Segment Start: Data listing

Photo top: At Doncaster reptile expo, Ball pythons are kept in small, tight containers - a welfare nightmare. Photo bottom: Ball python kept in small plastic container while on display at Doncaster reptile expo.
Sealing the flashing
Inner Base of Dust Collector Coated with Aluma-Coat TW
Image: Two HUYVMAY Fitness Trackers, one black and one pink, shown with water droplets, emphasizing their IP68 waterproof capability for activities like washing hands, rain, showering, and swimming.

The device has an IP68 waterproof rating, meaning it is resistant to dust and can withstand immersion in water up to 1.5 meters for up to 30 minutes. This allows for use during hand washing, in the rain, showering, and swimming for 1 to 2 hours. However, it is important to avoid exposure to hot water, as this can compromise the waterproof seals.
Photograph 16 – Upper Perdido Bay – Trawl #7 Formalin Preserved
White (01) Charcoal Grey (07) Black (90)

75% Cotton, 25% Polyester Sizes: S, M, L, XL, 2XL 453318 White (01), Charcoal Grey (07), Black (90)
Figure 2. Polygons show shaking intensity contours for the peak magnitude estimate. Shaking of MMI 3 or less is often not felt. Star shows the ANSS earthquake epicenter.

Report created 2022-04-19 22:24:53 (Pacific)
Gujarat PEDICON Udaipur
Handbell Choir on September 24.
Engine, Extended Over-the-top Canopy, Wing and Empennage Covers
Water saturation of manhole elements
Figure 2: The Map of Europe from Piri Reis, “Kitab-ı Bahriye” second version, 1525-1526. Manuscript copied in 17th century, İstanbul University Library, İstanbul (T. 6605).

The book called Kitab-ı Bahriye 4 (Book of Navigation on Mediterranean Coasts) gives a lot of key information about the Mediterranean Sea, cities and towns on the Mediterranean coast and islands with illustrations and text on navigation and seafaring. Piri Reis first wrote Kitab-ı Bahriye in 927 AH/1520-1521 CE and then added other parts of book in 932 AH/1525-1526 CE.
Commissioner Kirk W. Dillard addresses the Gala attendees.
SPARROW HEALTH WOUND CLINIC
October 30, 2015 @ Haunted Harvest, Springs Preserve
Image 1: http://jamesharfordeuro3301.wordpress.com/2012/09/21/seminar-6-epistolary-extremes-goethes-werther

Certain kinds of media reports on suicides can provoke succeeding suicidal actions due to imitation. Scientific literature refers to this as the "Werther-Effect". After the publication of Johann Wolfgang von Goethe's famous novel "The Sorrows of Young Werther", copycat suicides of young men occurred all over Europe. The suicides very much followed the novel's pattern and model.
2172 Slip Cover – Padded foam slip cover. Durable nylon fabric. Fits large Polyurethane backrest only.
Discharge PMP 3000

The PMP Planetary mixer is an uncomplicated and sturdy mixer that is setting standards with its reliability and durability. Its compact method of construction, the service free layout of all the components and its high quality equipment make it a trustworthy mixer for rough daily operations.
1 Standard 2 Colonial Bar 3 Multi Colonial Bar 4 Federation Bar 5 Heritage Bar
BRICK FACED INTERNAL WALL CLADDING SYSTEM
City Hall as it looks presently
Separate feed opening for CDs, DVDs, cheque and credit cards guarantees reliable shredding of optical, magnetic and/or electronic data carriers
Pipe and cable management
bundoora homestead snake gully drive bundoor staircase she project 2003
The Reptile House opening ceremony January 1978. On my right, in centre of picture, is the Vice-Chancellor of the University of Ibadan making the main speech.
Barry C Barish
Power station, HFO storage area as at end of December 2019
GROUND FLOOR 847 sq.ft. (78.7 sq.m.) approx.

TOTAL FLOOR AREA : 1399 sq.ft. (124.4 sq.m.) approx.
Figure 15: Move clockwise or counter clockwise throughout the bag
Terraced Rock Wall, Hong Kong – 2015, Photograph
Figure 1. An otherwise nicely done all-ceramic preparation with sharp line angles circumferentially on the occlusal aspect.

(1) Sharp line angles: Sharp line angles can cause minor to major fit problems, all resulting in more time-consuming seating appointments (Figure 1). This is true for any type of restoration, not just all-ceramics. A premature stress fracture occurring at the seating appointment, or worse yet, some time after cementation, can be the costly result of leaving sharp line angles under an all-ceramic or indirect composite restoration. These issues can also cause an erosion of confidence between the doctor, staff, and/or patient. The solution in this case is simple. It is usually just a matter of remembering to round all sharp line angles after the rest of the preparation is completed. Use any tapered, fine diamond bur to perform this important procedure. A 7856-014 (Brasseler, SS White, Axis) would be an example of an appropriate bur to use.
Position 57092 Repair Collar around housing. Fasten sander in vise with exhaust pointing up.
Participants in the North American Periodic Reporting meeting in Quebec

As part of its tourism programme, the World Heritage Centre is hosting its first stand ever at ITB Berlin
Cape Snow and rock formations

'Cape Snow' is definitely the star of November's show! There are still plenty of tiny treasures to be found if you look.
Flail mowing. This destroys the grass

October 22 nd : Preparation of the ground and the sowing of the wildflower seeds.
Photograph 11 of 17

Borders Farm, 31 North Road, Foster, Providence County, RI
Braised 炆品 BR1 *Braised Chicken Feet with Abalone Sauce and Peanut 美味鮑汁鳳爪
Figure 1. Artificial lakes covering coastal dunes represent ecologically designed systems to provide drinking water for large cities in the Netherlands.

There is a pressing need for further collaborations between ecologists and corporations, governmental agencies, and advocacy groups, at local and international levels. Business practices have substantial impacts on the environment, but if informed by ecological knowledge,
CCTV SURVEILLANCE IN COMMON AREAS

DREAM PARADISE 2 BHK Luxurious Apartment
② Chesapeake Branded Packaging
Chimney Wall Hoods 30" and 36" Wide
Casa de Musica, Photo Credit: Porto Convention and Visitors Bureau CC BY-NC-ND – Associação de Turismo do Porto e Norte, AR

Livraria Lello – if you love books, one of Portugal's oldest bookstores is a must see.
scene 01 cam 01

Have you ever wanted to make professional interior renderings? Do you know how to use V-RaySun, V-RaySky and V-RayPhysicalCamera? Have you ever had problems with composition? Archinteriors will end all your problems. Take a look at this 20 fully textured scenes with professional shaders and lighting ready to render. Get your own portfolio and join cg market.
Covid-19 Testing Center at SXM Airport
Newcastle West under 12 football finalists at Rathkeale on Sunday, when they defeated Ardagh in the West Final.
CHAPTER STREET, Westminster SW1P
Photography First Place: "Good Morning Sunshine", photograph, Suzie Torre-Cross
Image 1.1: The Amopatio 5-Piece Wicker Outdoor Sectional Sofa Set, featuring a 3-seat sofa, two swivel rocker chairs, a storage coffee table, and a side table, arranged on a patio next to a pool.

Segment End: Data listing

Exercise:
Each line from the one containing "Livraria Lello –" to the final line above should be written out exactly; please omit the others.

Solution to the problem:
Livraria Lello – if you love books, one of Portugal's oldest bookstores is a must see.
scene 01 cam 01

Have you ever wanted to make professional interior renderings? Do you know how to use V-RaySun, V-RaySky and V-RayPhysicalCamera? Have you ever had problems with composition? Archinteriors will end all your problems. Take a look at this 20 fully textured scenes with professional shaders and lighting ready to render. Get your own portfolio and join cg market.
Covid-19 Testing Center at SXM Airport
Newcastle West under 12 football finalists at Rathkeale on Sunday, when they defeated Ardagh in the West Final.
CHAPTER STREET, Westminster SW1P
Photography First Place: "Good Morning Sunshine", photograph, Suzie Torre-Cross
Image 1.1: The Amopatio 5-Piece Wicker Outdoor Sectional Sofa Set, featuring a 3-seat sofa, two swivel rocker chairs, a storage coffee table, and a side table, arranged on a patio next to a pool.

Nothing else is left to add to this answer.